**Data below:**
=====

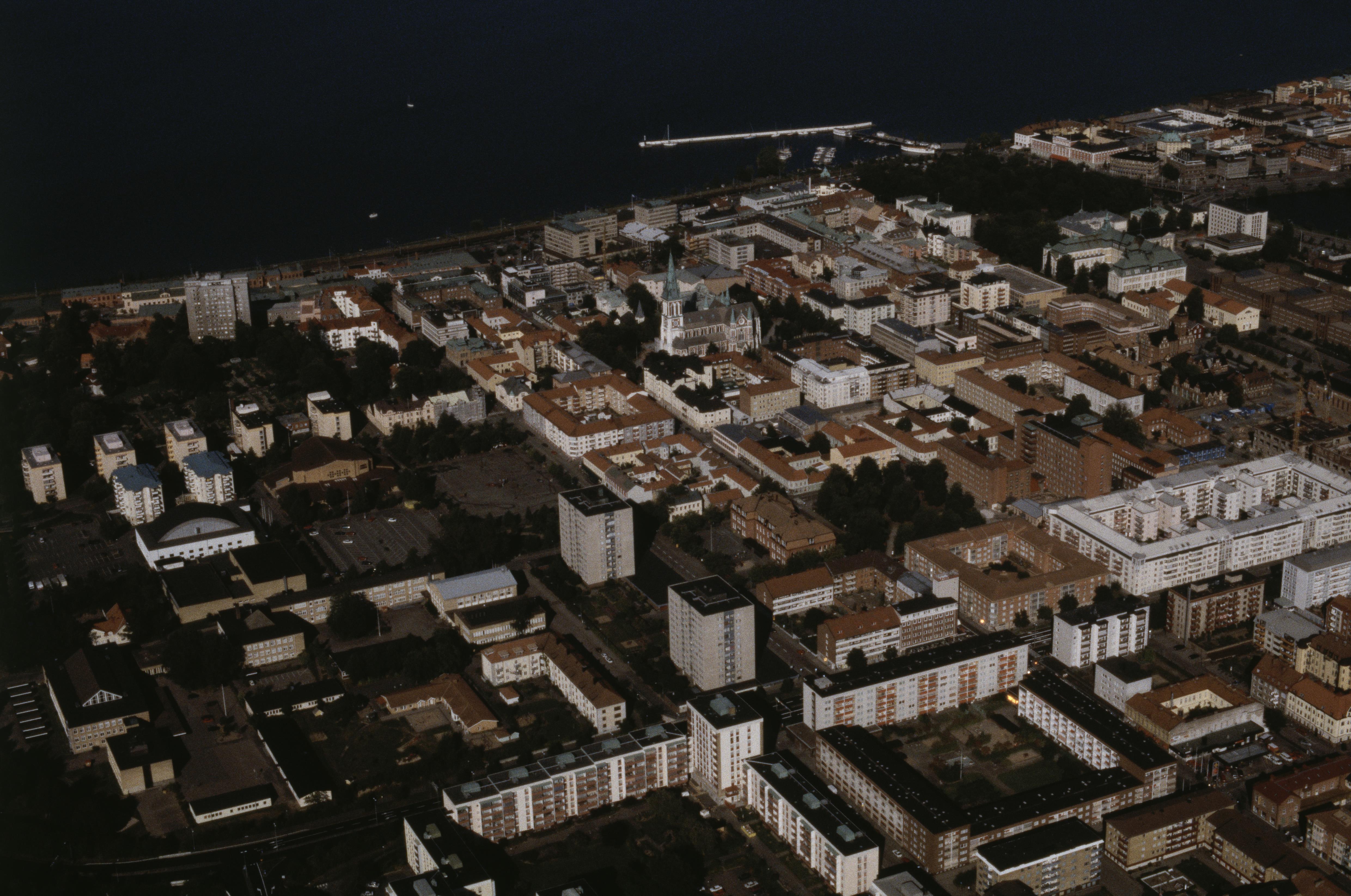 Beskrivning: Jönköpings stad vid sjön Vättern. Sofia kyrka vid bildens mitt. Bilden är tagen mot (väderstreck): NO
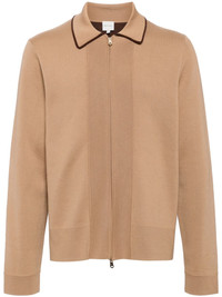 zip fastening cardigan Highlights - Peanut brown - Wool-cotton blend - Zip fastening - Embroidered logo at the sleeve - Piped-trim detailing - Long sleeves - Classic collar - Ribbed hem Imported Composition Wool 75%, Cotton 21%, Elastane 4% SIZE & FIT Model measurements Height 6 ft 2 in(1.89 m) Bust/Chest 35.03 in(89 cm) Hips 34.64 in(88 cm) Waist 28.34 in(72 cm) FittingInformation Designed for a relaxed fit, this piece allows for comfort and movement when worn Made with a midweight knit, this piece offers some stretch
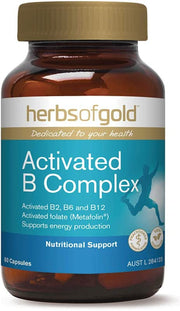 Herbs of Gold Activated B Complex contains activated B vitamins, including B2, B6, methylfolate (folate) and mecobalamin (B12), to help support energy production and assist in the maintenance of general wellbeing. B vitamins support the health and production of red blood cells and supports cardiovascular system health. Activated B Complex contains mecobalamin (co-methylcobalamin), the active form of vitamin B12. Other forms of vitamin B12, such as cyanocobalamin, need to be converted to co-methylcobalamin for use in the body. Methylfolate and vitamin B12 support memory and cognitive function. Methylfolate also helps reduce homocysteine levels.
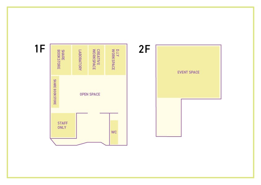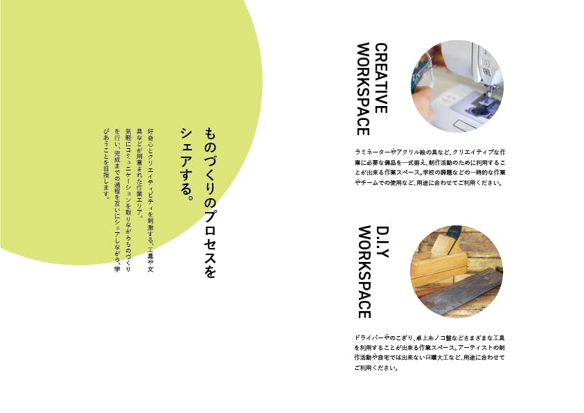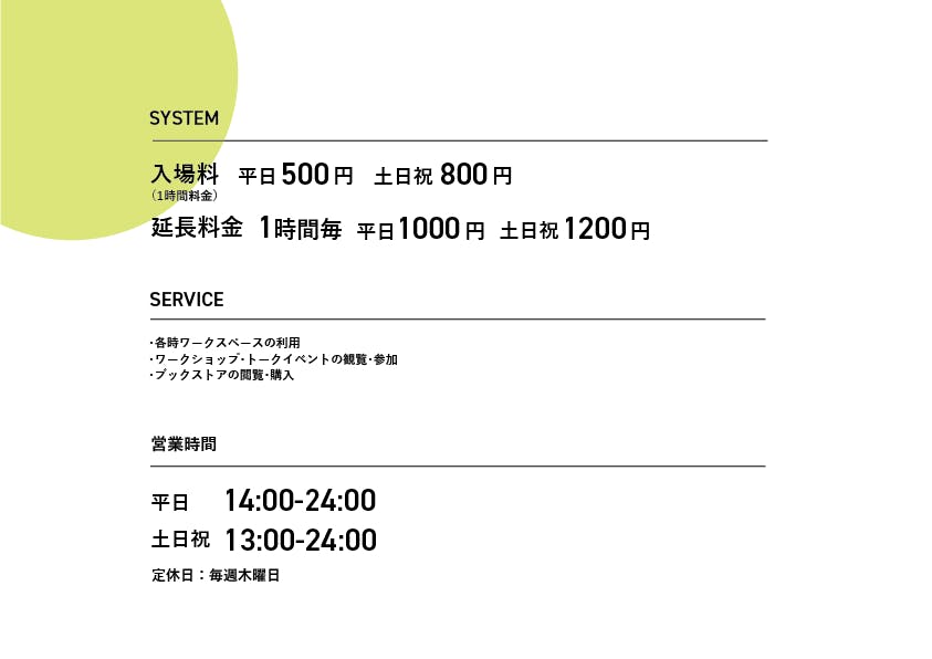 ・イベントスペース:ワークショップやトークイベントなどを定期開催するイベントスペースです。開催している各イベントに参加することが出来ます。

=====

**Exercise details:**
The material above is to be repeated word for word, with no images kept.

**Output of the exercise:**
 Beskrivning: Jönköpings stad vid sjön Vättern. Sofia kyrka vid bildens mitt. Bilden är tagen mot (väderstreck): NO
 zip fastening cardigan Highlights - Peanut brown - Wool-cotton blend - Zip fastening - Embroidered logo at the sleeve - Piped-trim detailing - Long sleeves - Classic collar - Ribbed hem Imported Composition Wool 75%, Cotton 21%, Elastane 4% SIZE & FIT Model measurements Height 6 ft 2 in(1.89 m) Bust/Chest 35.03 in(89 cm) Hips 34.64 in(88 cm) Waist 28.34 in(72 cm) FittingInformation Designed for a relaxed fit, this piece allows for comfort and movement when worn Made with a midweight knit, this piece offers some stretch
 Herbs of Gold Activated B Complex contains activated B vitamins, including B2, B6, methylfolate (folate) and mecobalamin (B12), to help support energy production and assist in the maintenance of general wellbeing. B vitamins support the health and production of red blood cells and supports cardiovascular system health. Activated B Complex contains mecobalamin (co-methylcobalamin), the active form of vitamin B12. Other forms of vitamin B12, such as cyanocobalamin, need to be converted to co-methylcobalamin for use in the body. Methylfolate and vitamin B12 support memory and cognitive function. Methylfolate also helps reduce homocysteine levels.
 ・イベントスペース:ワークショップやトークイベントなどを定期開催するイベントスペースです。開催している各イベントに参加することが出来ます。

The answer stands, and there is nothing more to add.